By 1943, Bill Hanna and Joe Barbera’s Tom and Jerry cartoons had reached their peak, especially in their speed, by their eleventh cartoon The Yankee Doodle Mouse, under its working title “Jerry’s Home Defense.” This cartoon stands apart from the other animated films of World War II. It depicts an allegorical battle without alluding to the Axis leaders, as did many other cartoons of the period. The use of firecrackers as a weapon became a bigger staple in animation with the advent of the war; it remained a go-to solution to eliminate adversaries, especially in Warners cartoons.
The only reference that would date the film was a gag involving ration stamps, which is absent from the currently circulating re-issue version. The missing sequence is indicative from an abrupt fade-out during the sequence where Jerry continuously smacks Tom with a board, amidst a flour-encompassing smokescreen. The details of the missing scene can be seen here (below), and in the scene descriptions below that (scenes 31-33); it also explains there were intended to be three war communiqués from Jerry, instead of two in the re-issue version, released in 1951.
Hanna and Barbera’s unit of animators– consisting of Irv Spence, Ken Muse, Pete Burness, George Gordon and Jack Zander—are assigned large sections throughout the film. Spence dominates the opening scenes of combat, including the “hen grenades,” Jerry popping the projectile champagne corks, and Tom sinking into the washtub with his “ship.” Gordon animates the two throwing each other a lit firecracker before leaving an unaware Tom holding it, and Jerry being in the teakettle with another explosive. The original payoff of that sequence, as it reads in the synopsis below, of Tom appearing like a daisy with a goofy grin, reads much better than the gag in the finished film.
Burness handles Jerry’s spying on Tom with a periscope, and his use of a cheese grater, fashioned as an Army Jeep, to drive underneath Tom, with painful results. (The staggered exposure on Tom’s reactions makes the gag more unpleasant.) Zander animates a crucial point in the battle, as Jerry flies a makeshift bomber aircraft, dropping light bulbs and a banana onto Tom, before he fires a Roman candle at Jerry. Zander’s scenes also include the amusing gag of Jerry using a brassiere as a parachute.Muse animates the sequence of Tom receiving an explosive, which unravels like Russian nesting dolls. Tom’s potent shift in emotions during the scene; he is horrified, backing up against a crate as the fuse runs out, but is perplexed, and flinching, as the firecracker decreases to a tiny black pellet. He lets out a derisive chuckle before the gag literally blows up in his face. (This bit was reprised in Tee For Two, released two years later.) Muse also animates the last few portions of the film, when Tom fires off the Roman candle into Jerry’s mouse hole, up to Tom being rocketed up into the sky. Jerry running from smaller, precarious objects would be reprised in entries such as 1950’s Cue Ball Cat, with pool balls taking similar chase in that film.
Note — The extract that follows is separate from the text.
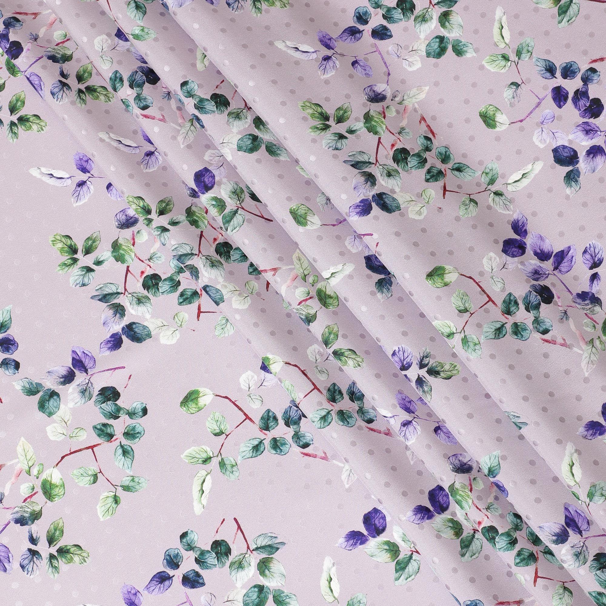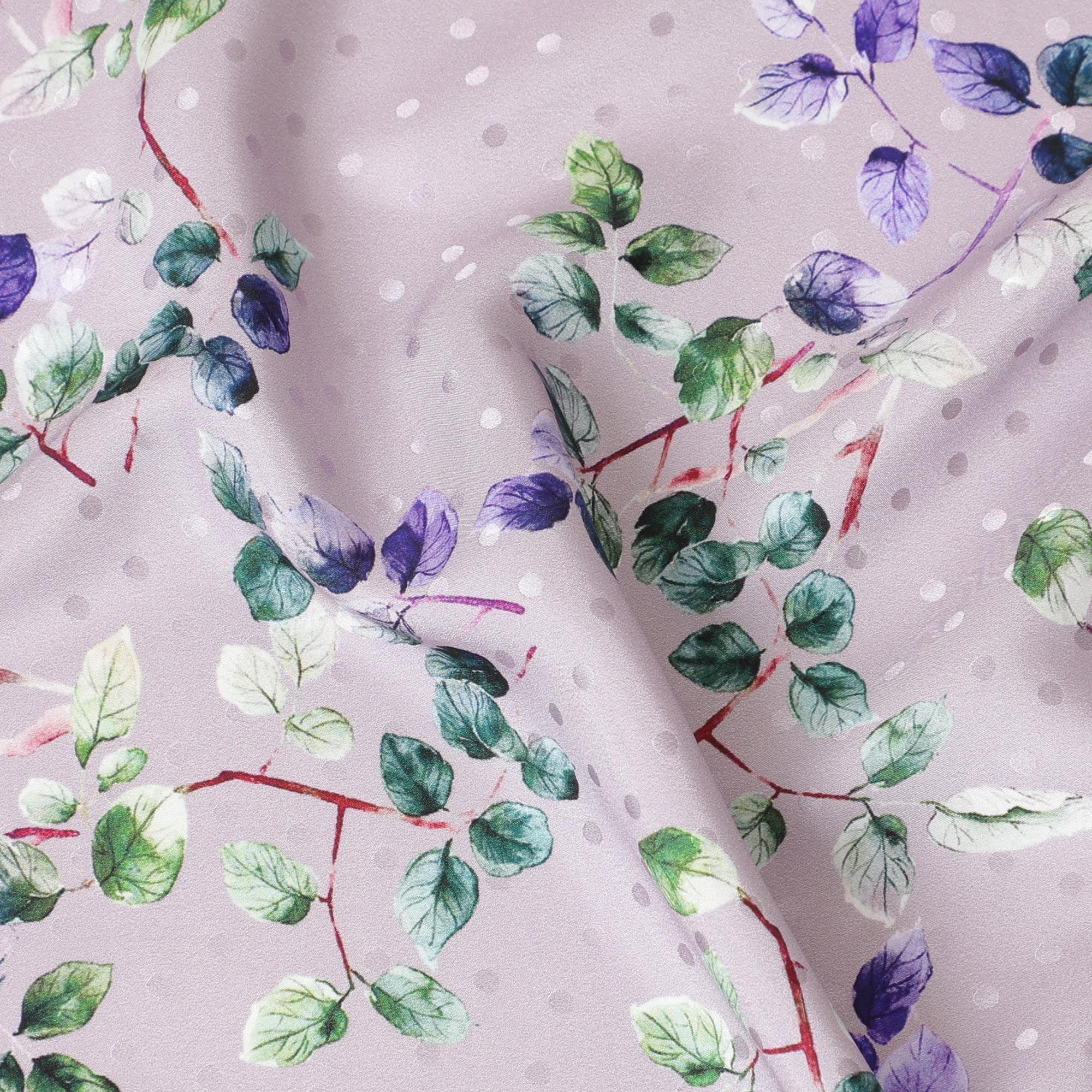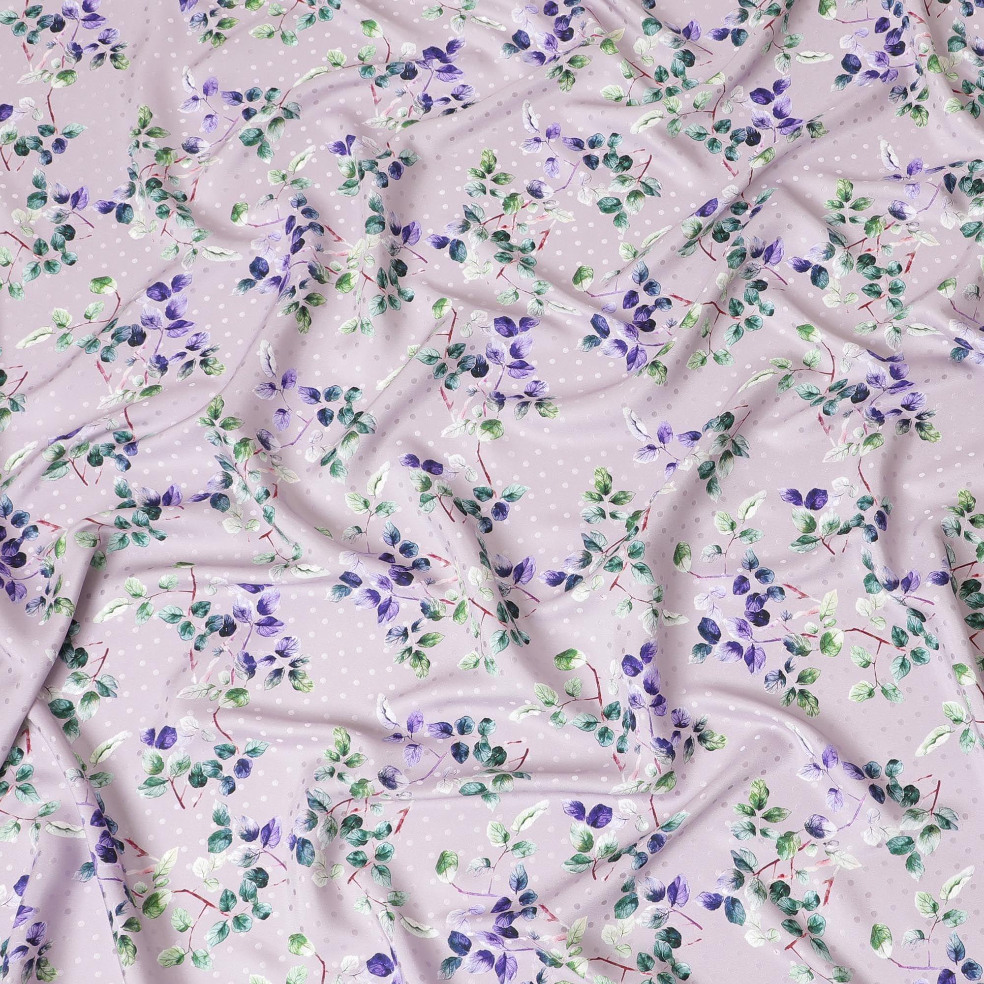 Light Lavender Italian premium pure silk satin with same tone dot jacquard having multicolor print in floral design-D9721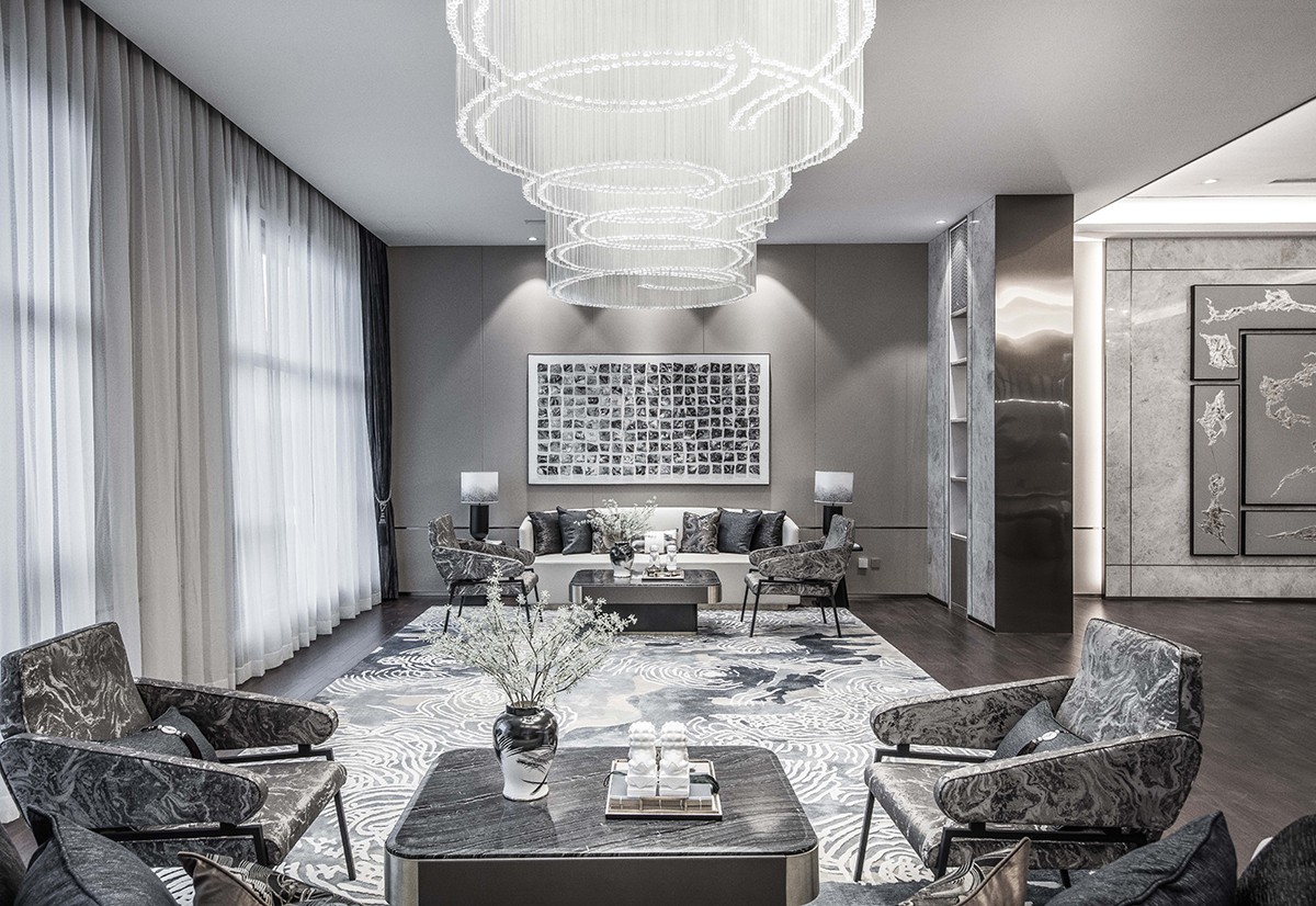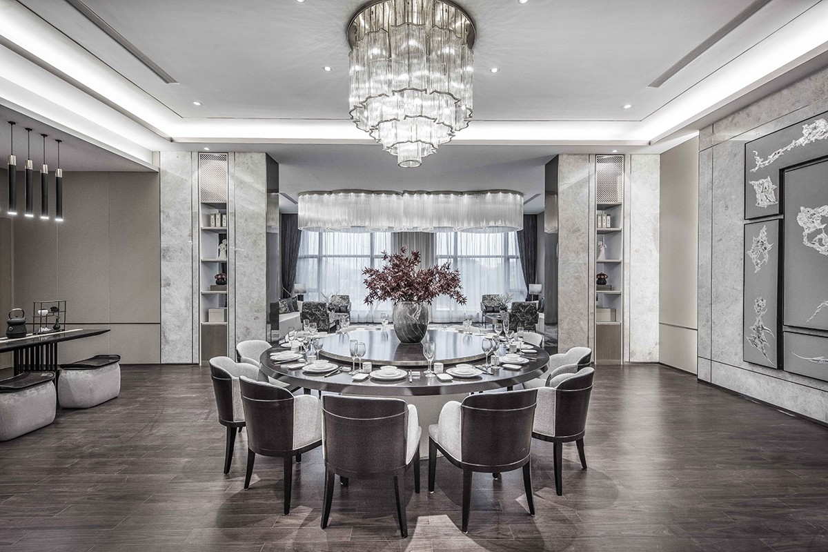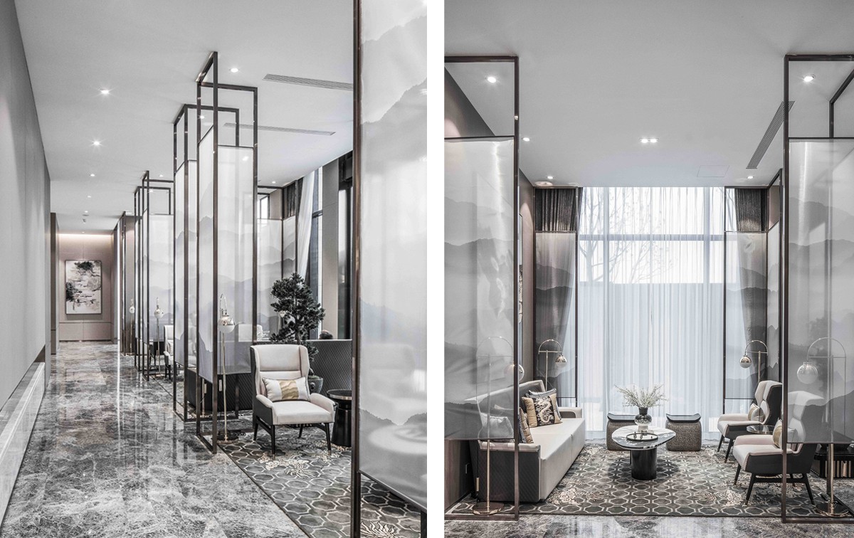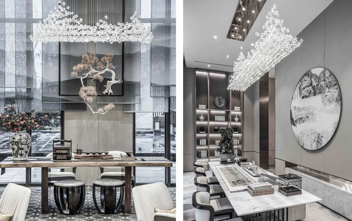 入(rù)眼即可看到水墨與山峰融匯的沙(shā)盤區。渺渺數(shù)筆,勾勒出山的姿(zī)態,水的(de)綿延,黑白交織。人(rén)們在這(zhè)裏駐足,仰望著垂瀉而下的弧形吊燈,在山和水的柔和輕擁(yōng)下, 體(tǐ)驗一段自然的旅程。

The Yankee Doodle Mouse was the first in the series to receive an Academy Award for Best Animated Short, with six subsequent victories to follow. (Their debut, 1940’s Puss Gets the Boot and 1941’s The Night Before Christmas were previously nominated, but didn’t win.) Only the second half of an original nitrate print has surfaced, but the cutting continuity indicated the original title sequence started with the animator credits first, followed by a title card of Tom and Jerry, and the main title/director credits proceeded after. The re-issue version touted the film as an Oscar-winning cartoon, displaying the statue and proclamation “Academy Award Winner of 1943,” in its main title card.
The MGM drafts shared in this column, at the moment, will be from Rudy Ising’s holdings from here on. These typewritten (and non-Ising) documents were lent to Mark Kausler from animation collector Mike Glad. It’s unclear if any more from the collection survives or which source it originated. Only the first and third pages of this draft are present, with action description pages as a substitute for the second and Kausler’s notations of the artists credited for each shot. It would be wonderful if more MGM drafts of this kind surfaced, but it’s great to know these could be shared and enjoyed. Since many of the Hanna-Barbera’s Tom and Jerry cartoons can easily be identified by the work of its animation unit, even verified by authentic documentation, a probable series of columns discussing the cartoons–especially during their 1943-48 zenith—might be used in future installments, but with only guesswork and no documentation.
Hope you all enjoyed the holidays! (Of course, I’m aware that a different Tom and Jerry released in 1950, Safety Second, occurs on the Fourth of July—enjoy that one, as well.)
(Thanks to Mark Kausler, Dave Gerstein and Thad Komorowski for their help.)